Строя лиру на чужеземный лад, они сохраняли внутреннее равновесие, благодушие, благоволение к миру – сохраняли, короче говоря, почву под ногами. Русскую почву.

А что же благородное дворянство? Как распорядилось оно дарованной вольностью и чем одолжило во второй половине ХVIII века русскую поэзию?

В это время жил в России человек, дворянин, которому принадлежит выдающаяся роль в развитии национальной поэзии, хотя писал он немного и особенно крупным поэтом не был. Я говорю сейчас про Николая Александровича Львова.
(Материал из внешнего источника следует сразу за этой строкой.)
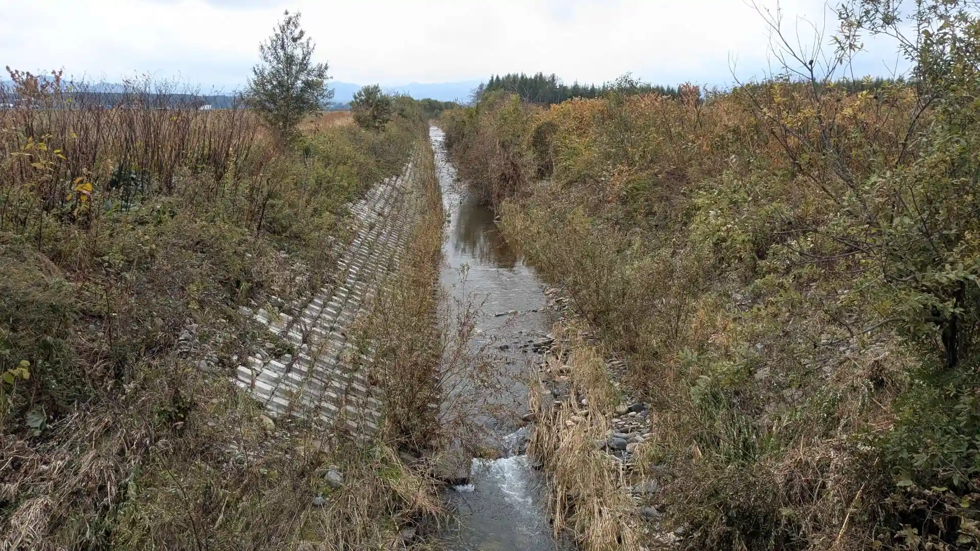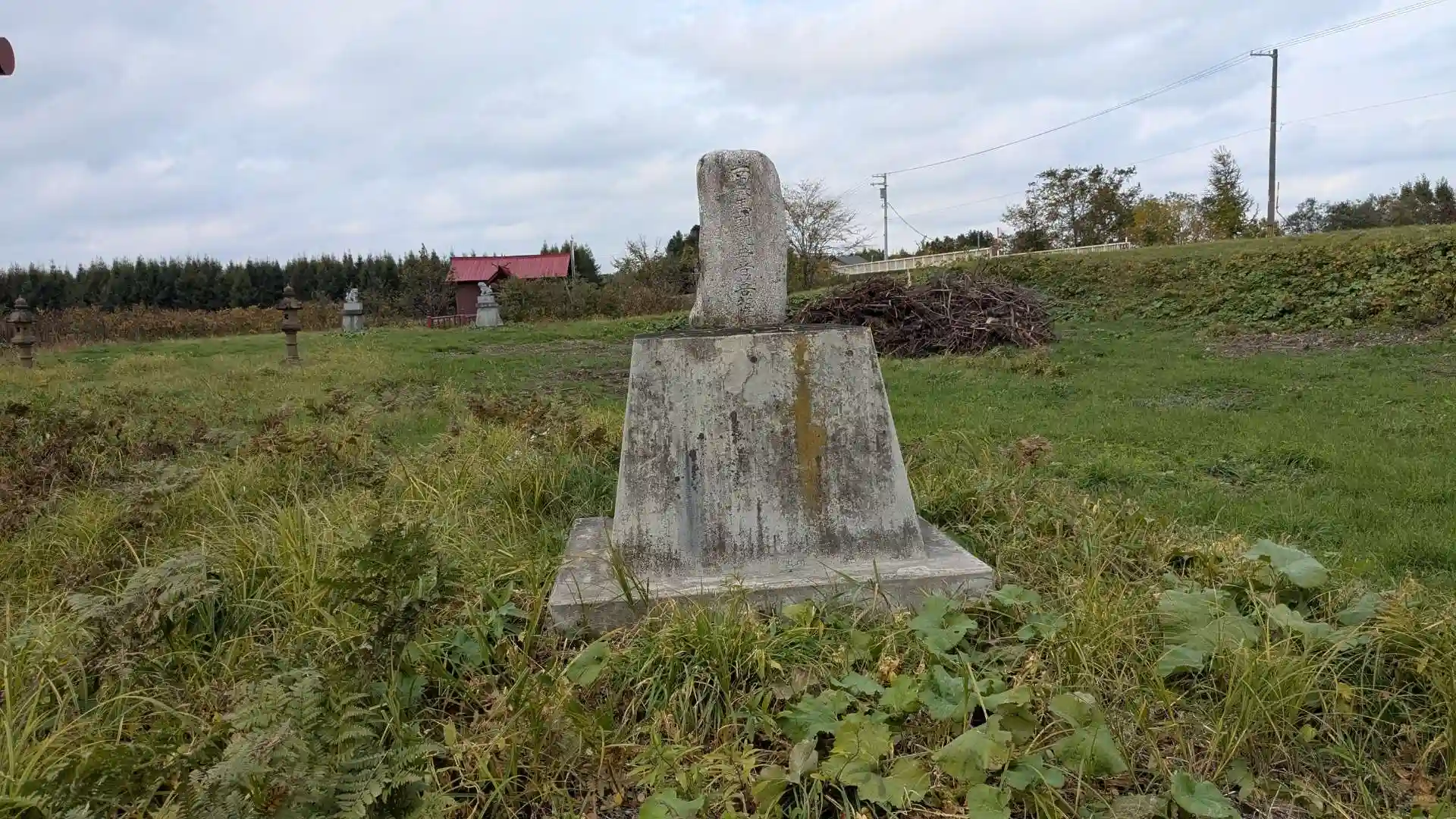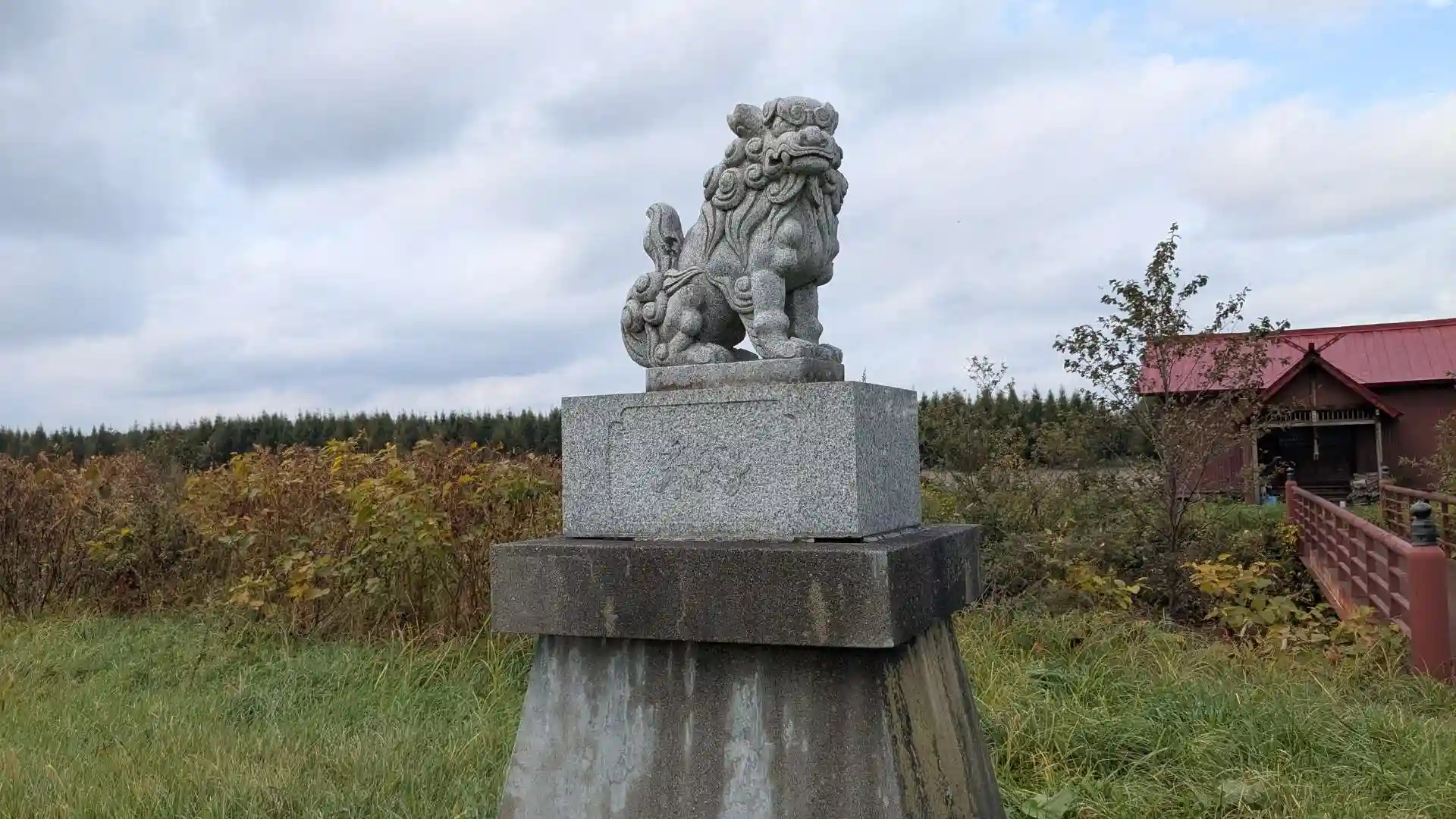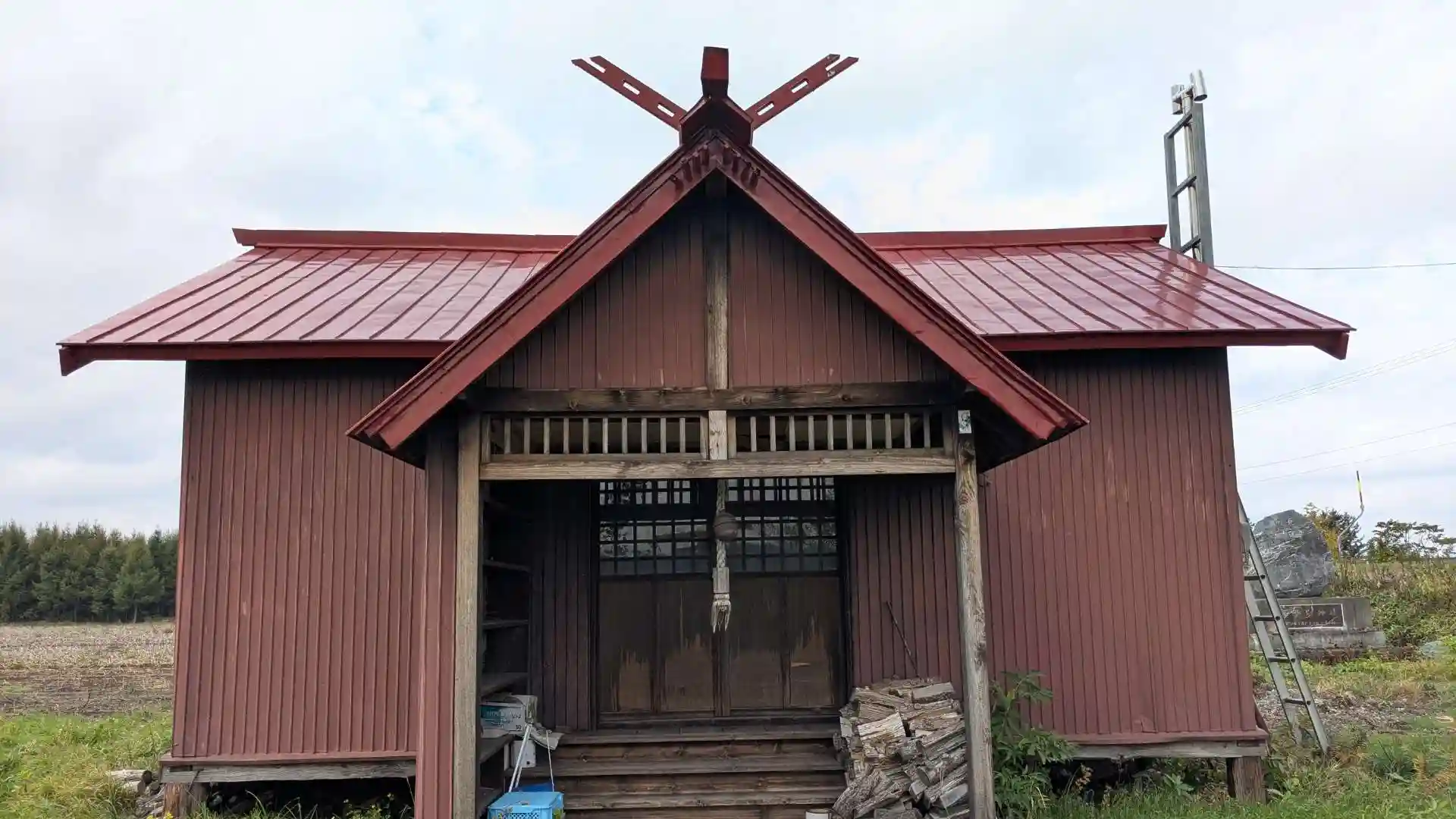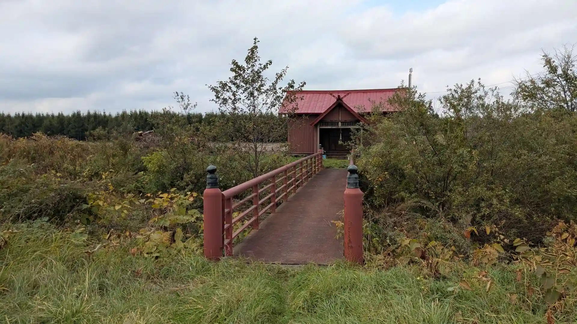 中札内村との境の近くにあります。鳥居から社殿までの参道は草が生え放題で向かうのが大変。紅い社殿前のサラベツ川に橋が掛かっています。

Теоретик искусств, эрудит, арбитр изящного (Безбородко, собирая свою знаменитую коллекцию, почти ничего не приобретал без совета Львова), аристократ, вельможа (в царствование Павла – тайный советник), крупнейший архитектор и строитель, рисовальщик, поэт, переводчик, театральный и музыкальный деятель, издатель народных песен – вот далеко не полный перечень талантов и заслуг этого сверхъестественно одаренного человека.

Необычайной была прелесть его лица, образцовой – семейная жизнь.
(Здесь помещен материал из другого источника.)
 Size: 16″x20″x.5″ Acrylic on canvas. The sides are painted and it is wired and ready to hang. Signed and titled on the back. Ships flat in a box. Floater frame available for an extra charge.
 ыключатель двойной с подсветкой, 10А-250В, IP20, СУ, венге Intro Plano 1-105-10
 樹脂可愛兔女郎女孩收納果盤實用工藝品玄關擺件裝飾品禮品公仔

Но вообще-то наш разговор не о дарованиях. Таланты Бог раздает, и, по справедливому суждению Молчалина, «свой талант у всех». В конечном счете, не так уж важно, что именно получил ты при рождении даром – поэтический талант или горб на спину. Важно лишь то, как ты распорядился полученным.
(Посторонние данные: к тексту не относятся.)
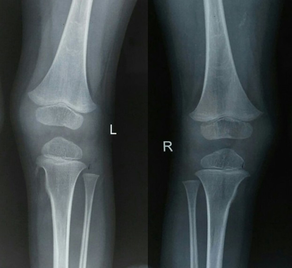 Physical examination revealed bilateral shortening and valgus deformity of the great toes (Figure 1). Multiple swellings of variable size were present on occiput, nape of neck, bilateral scapular area, bilateral axilla and midback. Swellings were non tender, hard, smooth, mobile with well-defined edges and were lying in subcutaneous tissues & muscles. Movements of the neck and bilateral shoulder were decreased (Figure 3). Rest of the joints including bilateral hips, elbows, wrists, knee, and ankle were normal. A radiograph of the right shoulder showed osteomas between the scapula and the proximal end of the humerus (Figure 4). Cervical spine radiographs revealed large posterior elements, narrow vertebral bodies and loss of cervical lordosis (Figure 5). Radiograph of the dorso-lumbar spine revealed large ectopic bone mass bridging the lower dorsal and lumbar spine (Figure 6). Radiograph of the knees revealed the presence of osteochondromas of the proximal medial end of the tibia (Figure 7). Lab findings were normal except for raised ESR (50mm in first hour) & liver enzymes were mildly raised. Patient was diagnosed as a case of FOP on the basis of clinico-radiological examinations. Biopsy was not done because of the fear of flaring up of the disease. Oral prednisolone was given in a dose of 2mg/kg for 5 days. Acute flare of the disease settled and the patient was discharged with advice of regular follow-ups.
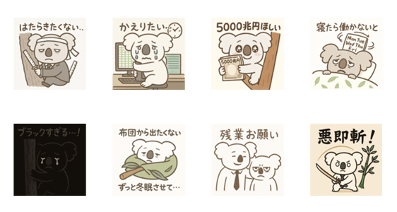 働きたくない…帰りたい…社畜の心の叫びをコアラが代弁!ゆるくて可愛い癒し系スタンプ。
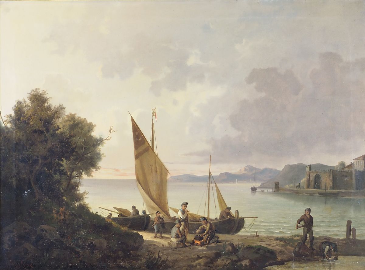 Antonio Rosè Trieste 1848-1918 "Giovani pescatori in riposo" cm. 52x70 - olio su tela Firmato b. a s.
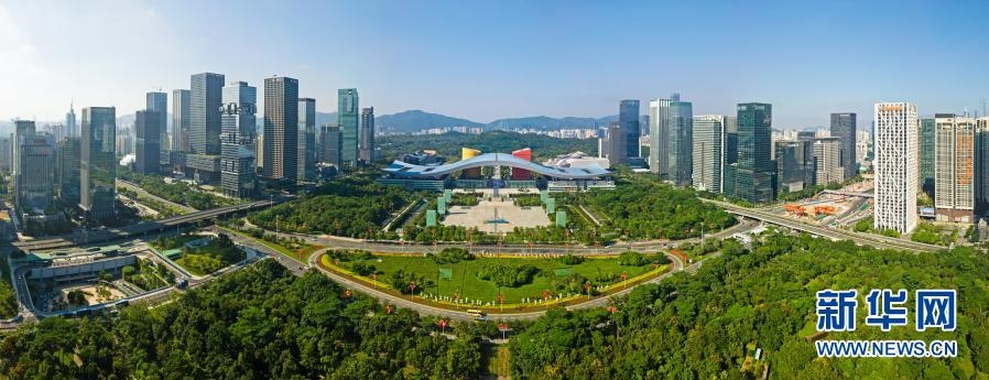 這是2020年10月2日拍攝的深圳市民中心和蓮花山公園一線(無人機照片)。新華社記者梁旭攝
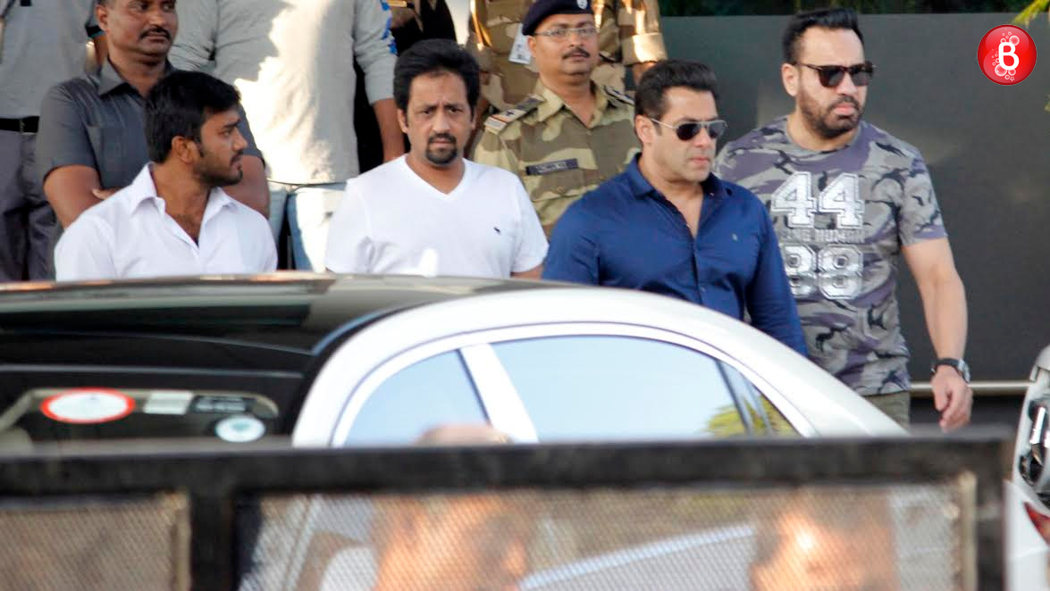 On Friday morning, superstar Salman Khan recorded his statement in the blackbuck poaching case in Jodhpur Court. The actor has denied all the charges saying that he is not guilty. According to reports, the actor gave a statement that blackbuck died of natural causes. Following the court proceedings and getting a next date for the hearing of the case, the actor returned to Mumbai on Friday evening. Our camera spotted him at the airport accompanied by his bodyguard Shera. And here we bring to you the pictures of Salman’s arrival at the airport.
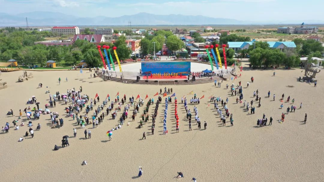 在六月的和硕,风轻云淡,绿树成荫,瓜果挂枝。22日端午小长假首日,天气晴朗,游客出游热情高涨,文旅消费火爆开局。在金沙滩景区,自治区第十四届运动会群众展演“西海竞渡多彩和硕”龙舟赛成功举办,吸引了众多游客。他们或观赏赛龙舟、水上拔河、包粽子、文艺演出等节目,或在岸边嬉戏、沙滩漫步,或品尝色香味俱全的特色小吃。以湖水、沙滩、日光浴、传统赛事为主的旅游元素吸引了来自五湖四海的游客竞相到景区感受“大海”的气息、沙滩的浪漫以及各类活动的精彩。清澈的湖水、绵延的金黄色细沙以及优美的自然风光和人文景观,让游人忘却了炎炎夏日带来的烦恼,尽享金沙滩所带来的无尽欢乐和别样风情。
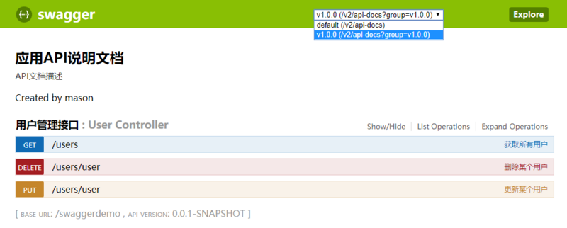 经过上面的处理,显示的接口界面有两个分组,一个是default,一个是指定的版本号(v1.0.0),指定版本显示的接口即是当前版本变更或新增的接口描述,如下:
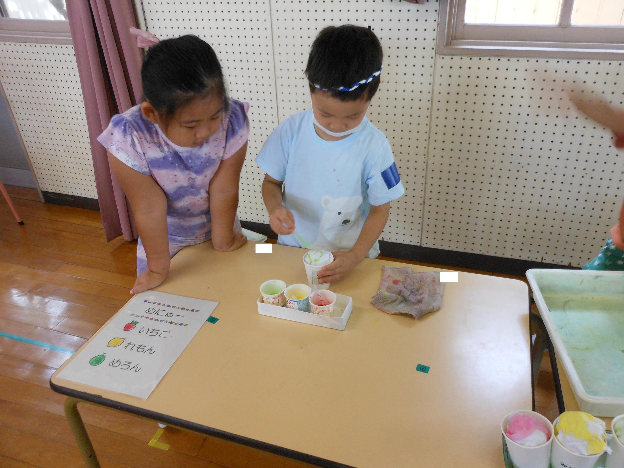 夏祭りでは、年長児のお店屋さんや保護者会の方が用意してくださったコーナーなどを巡って楽しみました。各コーナーの子どもたちの様子をお知らせします。

Львов, обладая «решительной чувствительностью к изящности» (по свидетельству Державина), то есть чувствуя красоту очень остро, до слез, всю жизнь делился этой своей способностью с другими. Кружок Львова, славный в истории нашей литературы, – это, конечно, в первую очередь Хемницер, Державин и Капнист: все трое обязаны Львову очень многим. Но к тому же кружку принадлежал, скажем, и двоюродный брат Львова Федор Петрович, который, будучи любителем и знатоком музыки, занимался сам музыкальным образованием сына, а этот сын – известный нам Алексей Львов, создатель Российского гимна. Левицкий, Кваренги, Бортнянский – легендарные имена и тоже принадлежащие к ближайшему окружению Львова. Все знают, что в России дореформенной много было культурных дворянских семейств; хочется добавить, что иные из них (притом наиболее известные – Бакунины, Муравьевы) получили важный импульс от Николая Львова. Без его влияния история этих семейств сложилась бы по-другому и, возможно, была бы скромнее.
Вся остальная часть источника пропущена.